Opinion By: Daniel Cameron, Attorney General; Marc Manley, Assistant Attorney General

Open Records Decision

There are two exemptions to the Act that are commonly referred to as the "law enforcement exemption." One such exemption is KRS 61.878(1)(h), which exempts from inspection "records of law enforcement agencies . . . that were compiled in the process of detecting and investigating statutory or regulatory violations if the disclosure of the information would harm the agency by revealing the identity of informants not otherwise known or by premature release of information to be used in a prospective law enforcement action." The other is KRS 17.150(2), which states that "intelligence and investigative reports maintained by criminal justice agencies are subject to public inspection if prosecution is completed or a determination not to prosecute has been made." KRS 17.150(2) is incorporated into the Act under KRS 61.78(1)(l), which exempts records that are made confidential by another statute.

This appeal involves both exemptions and a request for the same records made to two public agencies. First, the Coroner's Office relied on KRS 61.878(1)(h) to deny inspection of specific death certificates for the victims of homicides that remain the subject of an active investigation. Although the Appellant sought the same records from the Kentucky State Police, that agency relied on KRS 17.150(2) to deny inspection. Although one agency violated the Act and the other did not, for the reasons that follow, the records are exempt from inspection from both agencies. Nevertheless, this decision will explain that the two exceptions require public agencies to provide different explanations as for why law enforcement records are exempt from inspection.

Emily Lacey ("Appellant") asked the Coroner's Office to provide copies of the death certificates for four individuals who died between 2013 and 2016. In a timely written response, the Coroner's Office explained that, according to KSP, the deaths were the subject of an ongoing investigation into "statutory violations." For that reason, the Coroner denied the request under KRS 61.876(1)(h), and stated only that "the release of the requested information would harm [KSP] by the premature release of information to be used in a prospective law enforcement action."

Upon receiving the response from the Coroner's Office, the Appellant then sent an identical request to KSP. In a timely response, KSP denied the request under both KRS 17.150(2) and KRS 61.878(1)(h), and stated that "[p]remature release of any records related to an ongoing investigation in a public forum could result in prejudice to the witnesses and may adversely affect their recollection of the events." The Appellant then sought this Office's review of both responses.

In 20-ORD-104 and 20-ORD-139, the Office explained the difference between KRS 61.878(1)(h) and KRS 17.150(2). Briefly stated, KRS 17.150(2) applies only to "intelligence and investigative reports" of "criminal justice agencies," i.e. , law enforcement agencies, and only if criminal prosecution has not concluded. If a decision not to prosecute has been made, the records may still be exempt from inspection if one of the conditions of KRS 17.150(2) (a)-(d) applies.
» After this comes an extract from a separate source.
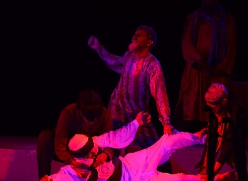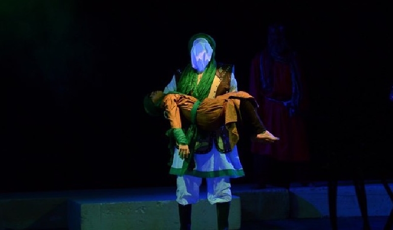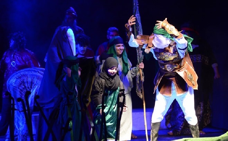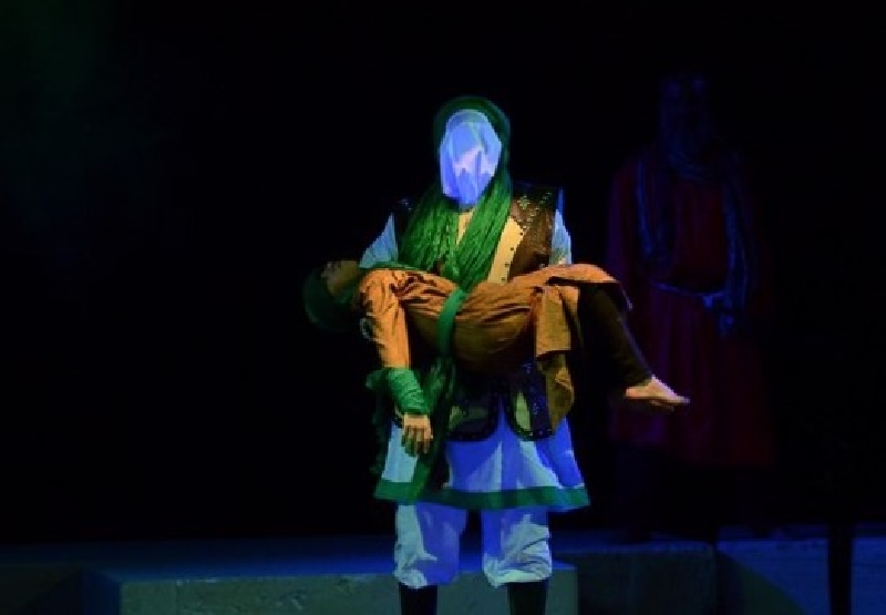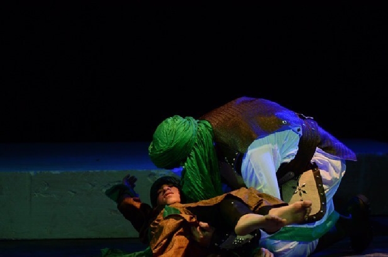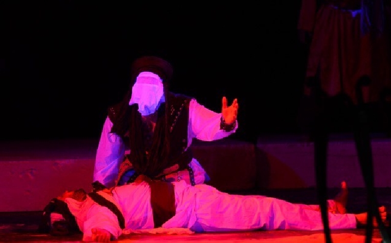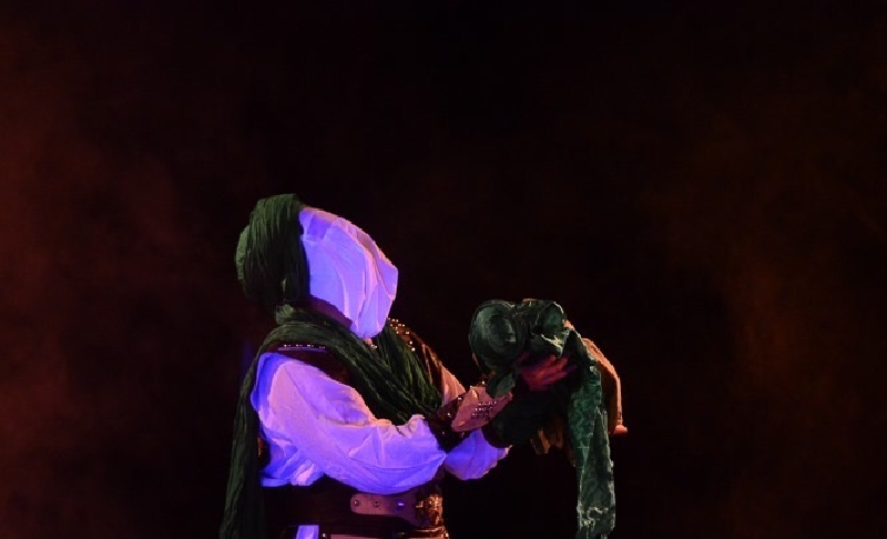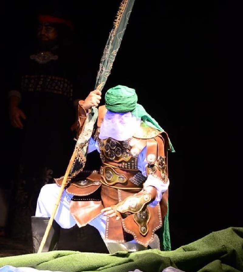 وأضاف أنه لم يوظف السيوف في هذا العرض المسرحي عدا سيف شمر بن ذي الجوشن، مستخدما مفارقات وعكس الادوار الحقيقية حيث جعل الإمام الحسين قاتلا للشمر لا العكس.

For example, even if no prosecution occurs, the law enforcement agency may still redact or withhold information that would reveal the identity of a confidential informant. KRS 17.150(2)(a). If a public agency denies inspection of records under KRS 17.150(2), it must explain its denial "with specificity." KRS 17.150(3). This "specificity" requirement requires the public agency to explain that a prosecution is ongoing, or a decision declining prosecution has not been made. Or, if prosecution has been declined and one of the conditions in KRS 17.150(2) (a)-(d) applies, the agency must state with specificity how one of those four conditions permits the agency to continue to deny inspection of the records.
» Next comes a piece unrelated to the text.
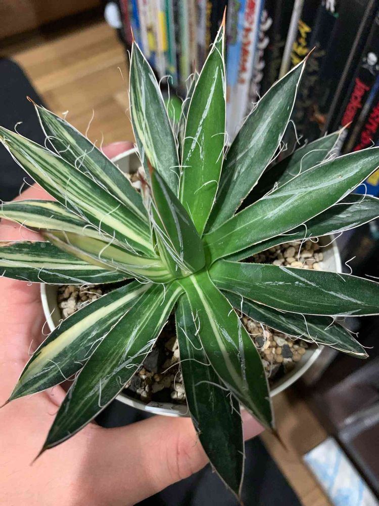 アガベの白糸の王妃錦。ベアルート株を購入し元旦に発根推進活動させて3日で根っこ出て1ヶ月で完全に発根。葉が開く。アガベの発根には市販の多肉の土と富士砂を1対1で混ぜてルートンが確実やな。水耕は何回か失敗してるし発根には富士砂最強説。アガベのある国は酸性雨降るしな酸性の富士砂が合うんや。多分。知らんけど。だから俺はアガベに富士砂が1番合ってると思う!知らんけど!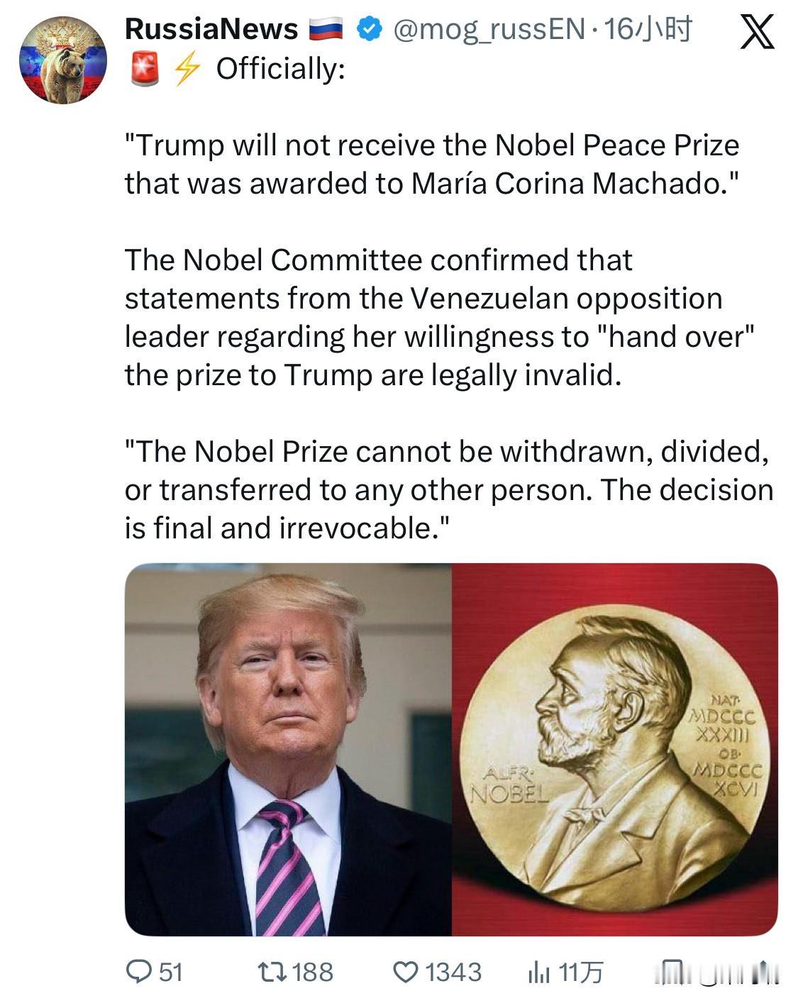 挪威诺贝尔委员会官方说法: “特朗普将不会获得授予玛丽亚·科琳娜·马查多的诺贝尔和平奖。” 诺贝尔委员会确认,委内瑞拉反对派领导人关于她愿意将诺贝尔奖“移交给”特朗普的声明在法律上无效。 “诺贝尔奖不可撤回、分割或转让给任何其他人。该决定是最终的,不可撤销。”

KRS 61.878(1)(h), on the other hand, applies to a broader category of law enforcement records. First, it is not limited to "intelligence and investigative reports," unlike KRS 17.150(2). Second, it also applies to investigations conducted by administrative agencies in connection with investigating the violations of regulatory provisions. To put it another way, all KRS 17.150(2) records are also KRS 61.878(1)(h) records, but not all KRS 61.878(1)(h) records are KRS 17.150(2) records.

If an agency relies only on KRS 61.878(1)(h), it must prove that that exception applies. And that exception requires the agency to articulate the "harm" that will affect the law enforcement investigation. In

City of Ft. Thomas v. Cincinnati Enquirer , 406 S.W.3d 842 (Ky. 2013), the Supreme Court of Kentucky held that investigative files of law enforcement agencies are not categorically exempt from disclosure under KRS 61.878(1)(h). Rather, when a record pertains to a prospective law enforcement action, KRS 61.878(1)(h) "is appropriately invoked only when the agency can articulate a factual basis for applying it, only, that is, when because of the record's content, its release poses a concrete risk of harm to the agency in the prospective action." Id. at 851. The Court did not address the application of KRS 17.150(2), because the subject of the investigation had already been prosecuted to conviction. See id. at 846. Notwithstanding the agency's claim that the convicted defendant could still seek post-conviction relief, the Court found the agency had not satisfied its burden under KRS 61.878(1)(h). Id. at 852.

As set forth above, KRS 17.150(2) provides that "[i]ntelligence and investigative reports maintained by criminal justice agencies are subject to public inspection if prosecution is completed or a determination not to prosecute has been made." The fact that KRS 17.150 only applies before a prosecution has concluded, and that it further does not require a "showing of harm," is a recognition that the premature release of information prior to a criminal trial could damage either the criminal defendant, the Commonwealth, or both. That is because the criminally accused are afforded certain rights that are not available to those facing administrative discipline. For example, the criminally accused have the right to a fair and impartial jury, and the Commonwealth and the defendant both have an interest in witnesses not having access to evidence that could change their testimony.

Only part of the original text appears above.